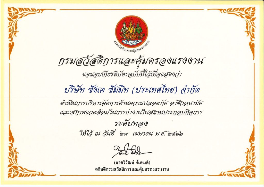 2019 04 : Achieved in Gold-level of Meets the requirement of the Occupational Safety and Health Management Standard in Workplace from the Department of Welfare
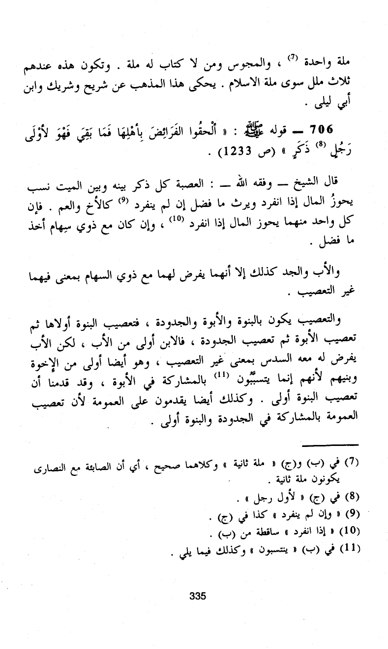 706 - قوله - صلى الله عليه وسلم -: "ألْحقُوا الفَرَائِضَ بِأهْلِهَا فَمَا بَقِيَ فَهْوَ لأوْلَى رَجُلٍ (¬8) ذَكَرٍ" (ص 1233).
◇ ◇ ◇ ◇ ◇
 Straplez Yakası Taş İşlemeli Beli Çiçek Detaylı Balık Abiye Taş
◇ ◇ ◇ ◇ ◇
WORK REQUIRED »
From the material above, give again exactly the lines from the one that contains "2019 04 : Achieved" through the one that contains "706 - قوله - صلى", and leave out the pictures.

WRITTEN ANSWER »
 2019 04 : Achieved in Gold-level of Meets the requirement of the Occupational Safety and Health Management Standard in Workplace from the Department of Welfare
 706 - قوله - صلى الله عليه وسلم -: "ألْحقُوا الفَرَائِضَ بِأهْلِهَا فَمَا بَقِيَ فَهْوَ لأوْلَى رَجُلٍ (¬8) ذَكَرٍ" (ص 1233).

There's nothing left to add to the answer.